Records contained in a dataset:
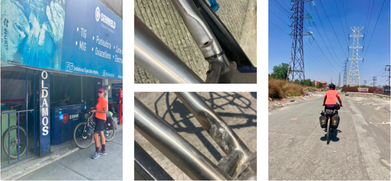 In het centrum van Mexico Stad ligt een heel netwerk van fietspaden. Veel fietsers zijn er niet. Hooguit een paar gebruikers van de deelfietsen, die onderdeel uitmaken van het uiterst intensieve OV netwerk in de stad. We hebben de metro en metrobus genomen, maar er zijn ook gewone bussen, trolleybussen en in het noorden zelf ook een paar kabelbanen. De eerste tien kilometer over de fietspaden zijn gemakkelijk en brengen ons bij de eerste stop, die ook bepalend is geweest in de keuze om door Mexico Stad te fietsen: de titanium lasser. Al in Panama City zagen we dat er slijtage is ontstaan aan de liggende achtervork van Roelie's fiets, daar waar de achterband bijna de vork raakt. Op dat punt is zelfs een klein gaatje te zien. Mogelijk is de slijtage ontstaan op de onverharde wegen met minder druk in de banden en een hoop vuil eraan geplakt, maar zeker weten doen we niet. Het is best raar. Maar dat gaatje moet dicht en dat kunnen niet veel lassers. Na een half uur en €20 armer is het gaatje gedicht. Het laswerk verdient misschien niet de schoonheidsprijs. De lasser is er wel trots op: 'dit gaat nooit kapot'.
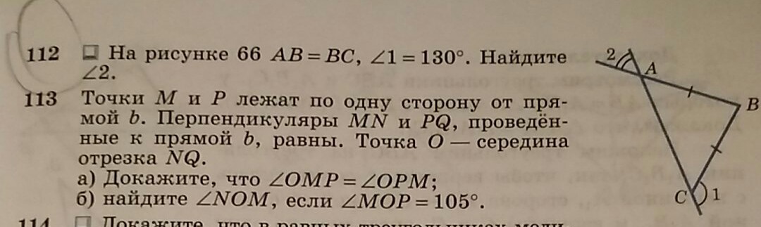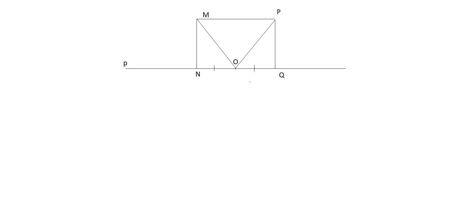 Рассмотрим два треугольника ΔNMO и ΔOPQ , они равны по первому признаку равенства треугольников, по двум сторонам и угу между ими
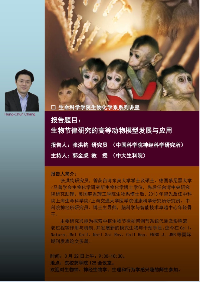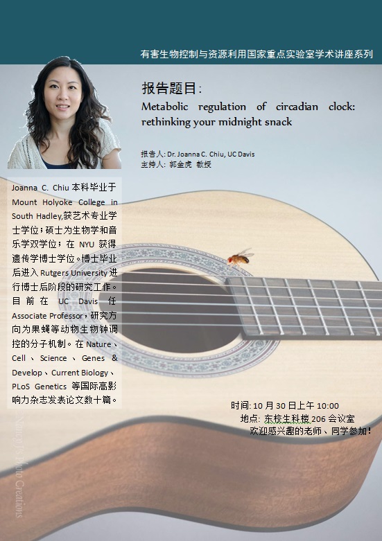 实验室重视学术交流活动,延请了国内外众多同行学者前来交流,包括美国生物节律研究会(SRBR)的两任主席Vanderbilt大学的Carl Johnson、Texas A&M的Paul Hardin、美国UT Southwestern Medical Center的Yi Liu、UC Davis的Joanna Chiu、原中国航天员中心主任现中国载人航天办公室副总设计师陈善广研究员等。实验室的学生也广泛出席和参加各种学术会议和交流活动,包括一些国际会议。以下为一些学术活动的海报。实验室PI郭金虎教授目前担任中国细胞生物学学会生物节律分会秘书长、中国空间科学学会空间生命起源与进化专业委员会副主任委员。郭金虎教授对于本科教学以及本科生课外科研训练非常重视,悉心指导。此外,实验室也重视科普工作,郭金虎教授出版的科普著作《生命的时钟》多次被中国科普作协和其他媒体推荐,多次为大众、中学生以及顺德杏坛镇青田组村民进行科普讲座,两次被中国细胞生物学学会评为科普先进个人。
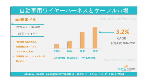 Surveyreportsの専門家は、自動車用ワイヤーハーネスおよびケーブル市場の調査を分析し、2024年に自動車用ワイヤーハーネスおよびケーブル市場規模が469億米ドルに達すると予測した。さらに、自動車用ワイヤーハーネスおよびケーブル市場のシェアは、2033年末までに655億米ドルに達すると予測されている。自動車用ワイヤーハーネスおよびケーブル市場は、2024年から2033年の予測期間にわたって、年平均成長率(CAGR)約3.2%で成長すると予測されている。
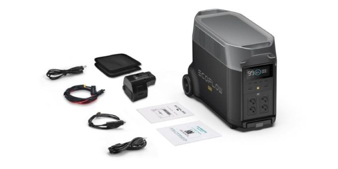 - La station électrique Delta Pro bénéficie d'une capacité de base de 3,6 kWh (extensible à 25 kWh) pour un poids de 45 kg. Elle peut alors assurer jusqu'à une semaine de consommation électrique, plus particulièrement lorsqu'elle est raccordée à des accessoires de l'écosystème EcoFlow tels que des panneaux fixes ou traqueurs solaires voire une éolienne.
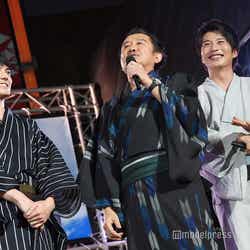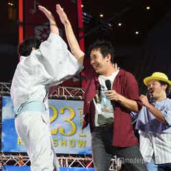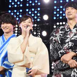 「藍」「Revival」「全力少年」の3曲を披露したライブの後、主演の田中圭をはじめ林遣都、吉田鋼太郎、内田理央、金子大地、伊藤修子、児嶋一哉、沢村一樹、志尊淳、眞島秀和、大塚寧々らキャスト陣と瑠東東一郎監督がサプライズ登壇。会場から割れんばかりの歓声が上がる中、キャスト陣とハイタッチを交わしたスキマスイッチの大橋卓弥は「すごいね!おっさんずラブすごい!」とその熱狂ぶりにビックリ。
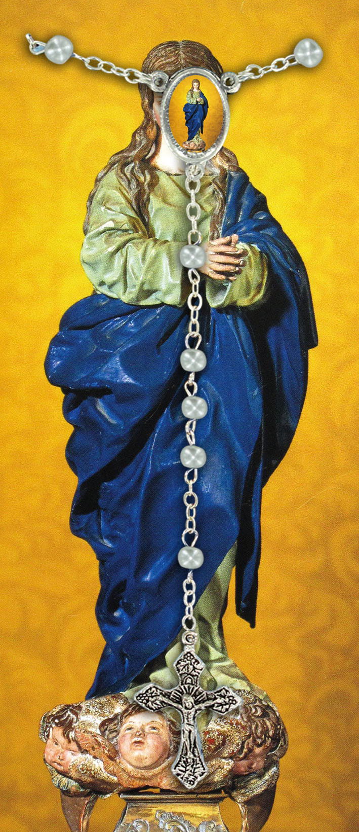 Il libretto, composto da 16 pagine, si presenta con una copertina in plastica trasparente e nell'interno vi è un piccolo rosario con i grani tipo perlina del diamero di mm 4.
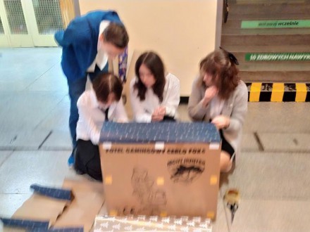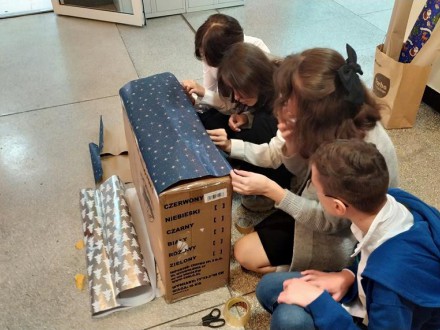 - Akcja Mikołajkowa - w tym roku dostaliśmy wielką przyjemność, aby stać się świętym Mikołajem dla Edwarda, podopiecznego Alma Spei Hospicjum dla Dzieci. Jego list i marzenie mikołajkowe było nie lada wyzwaniem ze względu na gabaryty prezentu, ale dzielne uczennice z klasy 8c poradziły sobie świetnie z jego zapakowaniem oraz ozdobieniem. Fundusze na prezent mikołajkowy zostały zebrane podczas jednego z zebrań z rodzicami w roku szkolnym 2023/2024.
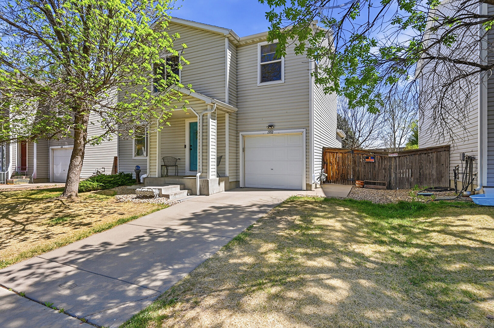 Built In Garage, Concrete Foundation, Downspout, Driveway, Fence, Gas Meter, Gate, Gutters, Horizontal Siding, Lawn, Stoop, Built In Garage, Concrete Foundation, Horizontal Siding
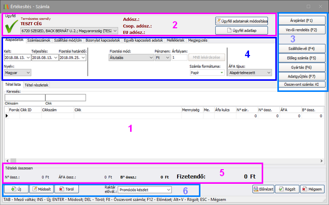 A bizonylatkészítő ablakok 6 jellemző egysége:
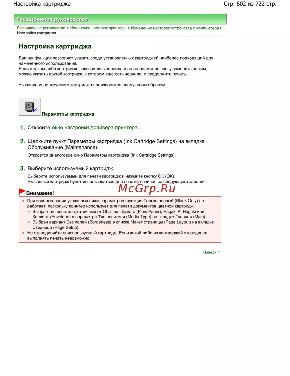 Стр. 602 из 722 стр.Настройка картриджа
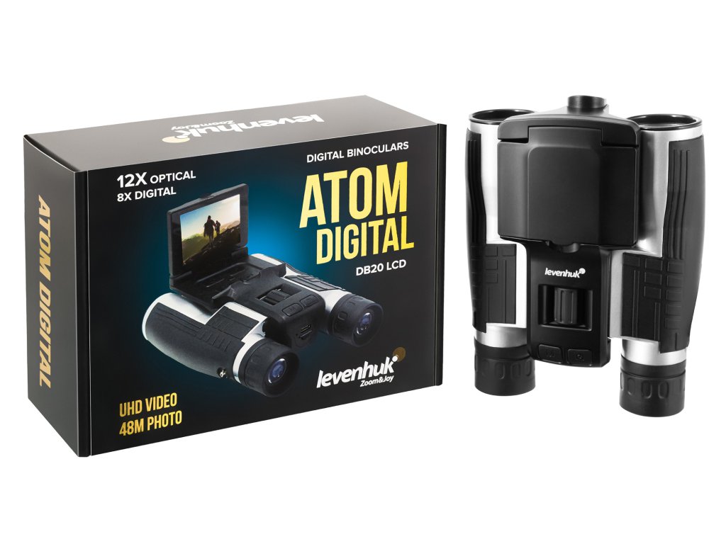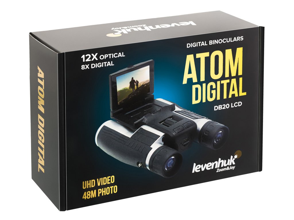 Navzdory kompaktním rozměrům poskytuje optický systém binokulárního dalekohledu Levenhuk Atom Digital DB20 LCD výkonné 12x zvětšení. K dispozici je také digitální zoom v rozsahu 1–8x. Můžete zaostřit na cíle vzdálené až 1000 m: výkon binokulárního dalekohledu je prakticky neomezený. Přístroj má pohodlné tělo založené na schématu „uzavřeného můstku“ a je vybaven výklopným LCD displejem. Obraz na displeji vytváří vysoce citlivý snímač CMOS a jeho ostrost se ovládá centrálním zaostřovacím kolečkem.

YOUR ASSIGNMENT:
Make a verbatim copy of all the entries and strip out the pictures.

EXERCISE SOLUTION:
 In het centrum van Mexico Stad ligt een heel netwerk van fietspaden. Veel fietsers zijn er niet. Hooguit een paar gebruikers van de deelfietsen, die onderdeel uitmaken van het uiterst intensieve OV netwerk in de stad. We hebben de metro en metrobus genomen, maar er zijn ook gewone bussen, trolleybussen en in het noorden zelf ook een paar kabelbanen. De eerste tien kilometer over de fietspaden zijn gemakkelijk en brengen ons bij de eerste stop, die ook bepalend is geweest in de keuze om door Mexico Stad te fietsen: de titanium lasser. Al in Panama City zagen we dat er slijtage is ontstaan aan de liggende achtervork van Roelie's fiets, daar waar de achterband bijna de vork raakt. Op dat punt is zelfs een klein gaatje te zien. Mogelijk is de slijtage ontstaan op de onverharde wegen met minder druk in de banden en een hoop vuil eraan geplakt, maar zeker weten doen we niet. Het is best raar. Maar dat gaatje moet dicht en dat kunnen niet veel lassers. Na een half uur en €20 armer is het gaatje gedicht. Het laswerk verdient misschien niet de schoonheidsprijs. De lasser is er wel trots op: 'dit gaat nooit kapot'.
 Рассмотрим два треугольника ΔNMO и ΔOPQ , они равны по первому признаку равенства треугольников, по двум сторонам и угу между ими
 实验室重视学术交流活动,延请了国内外众多同行学者前来交流,包括美国生物节律研究会(SRBR)的两任主席Vanderbilt大学的Carl Johnson、Texas A&M的Paul Hardin、美国UT Southwestern Medical Center的Yi Liu、UC Davis的Joanna Chiu、原中国航天员中心主任现中国载人航天办公室副总设计师陈善广研究员等。实验室的学生也广泛出席和参加各种学术会议和交流活动,包括一些国际会议。以下为一些学术活动的海报。实验室PI郭金虎教授目前担任中国细胞生物学学会生物节律分会秘书长、中国空间科学学会空间生命起源与进化专业委员会副主任委员。郭金虎教授对于本科教学以及本科生课外科研训练非常重视,悉心指导。此外,实验室也重视科普工作,郭金虎教授出版的科普著作《生命的时钟》多次被中国科普作协和其他媒体推荐,多次为大众、中学生以及顺德杏坛镇青田组村民进行科普讲座,两次被中国细胞生物学学会评为科普先进个人。
 Surveyreportsの専門家は、自動車用ワイヤーハーネスおよびケーブル市場の調査を分析し、2024年に自動車用ワイヤーハーネスおよびケーブル市場規模が469億米ドルに達すると予測した。さらに、自動車用ワイヤーハーネスおよびケーブル市場のシェアは、2033年末までに655億米ドルに達すると予測されている。自動車用ワイヤーハーネスおよびケーブル市場は、2024年から2033年の予測期間にわたって、年平均成長率(CAGR)約3.2%で成長すると予測されている。
 - La station électrique Delta Pro bénéficie d'une capacité de base de 3,6 kWh (extensible à 25 kWh) pour un poids de 45 kg. Elle peut alors assurer jusqu'à une semaine de consommation électrique, plus particulièrement lorsqu'elle est raccordée à des accessoires de l'écosystème EcoFlow tels que des panneaux fixes ou traqueurs solaires voire une éolienne.
 「藍」「Revival」「全力少年」の3曲を披露したライブの後、主演の田中圭をはじめ林遣都、吉田鋼太郎、内田理央、金子大地、伊藤修子、児嶋一哉、沢村一樹、志尊淳、眞島秀和、大塚寧々らキャスト陣と瑠東東一郎監督がサプライズ登壇。会場から割れんばかりの歓声が上がる中、キャスト陣とハイタッチを交わしたスキマスイッチの大橋卓弥は「すごいね!おっさんずラブすごい!」とその熱狂ぶりにビックリ。
 Il libretto, composto da 16 pagine, si presenta con una copertina in plastica trasparente e nell'interno vi è un piccolo rosario con i grani tipo perlina del diamero di mm 4.
 - Akcja Mikołajkowa - w tym roku dostaliśmy wielką przyjemność, aby stać się świętym Mikołajem dla Edwarda, podopiecznego Alma Spei Hospicjum dla Dzieci. Jego list i marzenie mikołajkowe było nie lada wyzwaniem ze względu na gabaryty prezentu, ale dzielne uczennice z klasy 8c poradziły sobie świetnie z jego zapakowaniem oraz ozdobieniem. Fundusze na prezent mikołajkowy zostały zebrane podczas jednego z zebrań z rodzicami w roku szkolnym 2023/2024.
 Built In Garage, Concrete Foundation, Downspout, Driveway, Fence, Gas Meter, Gate, Gutters, Horizontal Siding, Lawn, Stoop, Built In Garage, Concrete Foundation, Horizontal Siding
 A bizonylatkészítő ablakok 6 jellemző egysége:
 Стр. 602 из 722 стр.Настройка картриджа
 Navzdory kompaktním rozměrům poskytuje optický systém binokulárního dalekohledu Levenhuk Atom Digital DB20 LCD výkonné 12x zvětšení. K dispozici je také digitální zoom v rozsahu 1–8x. Můžete zaostřit na cíle vzdálené až 1000 m: výkon binokulárního dalekohledu je prakticky neomezený. Přístroj má pohodlné tělo založené na schématu „uzavřeného můstku“ a je vybaven výklopným LCD displejem. Obraz na displeji vytváří vysoce citlivý snímač CMOS a jeho ostrost se ovládá centrálním zaostřovacím kolečkem.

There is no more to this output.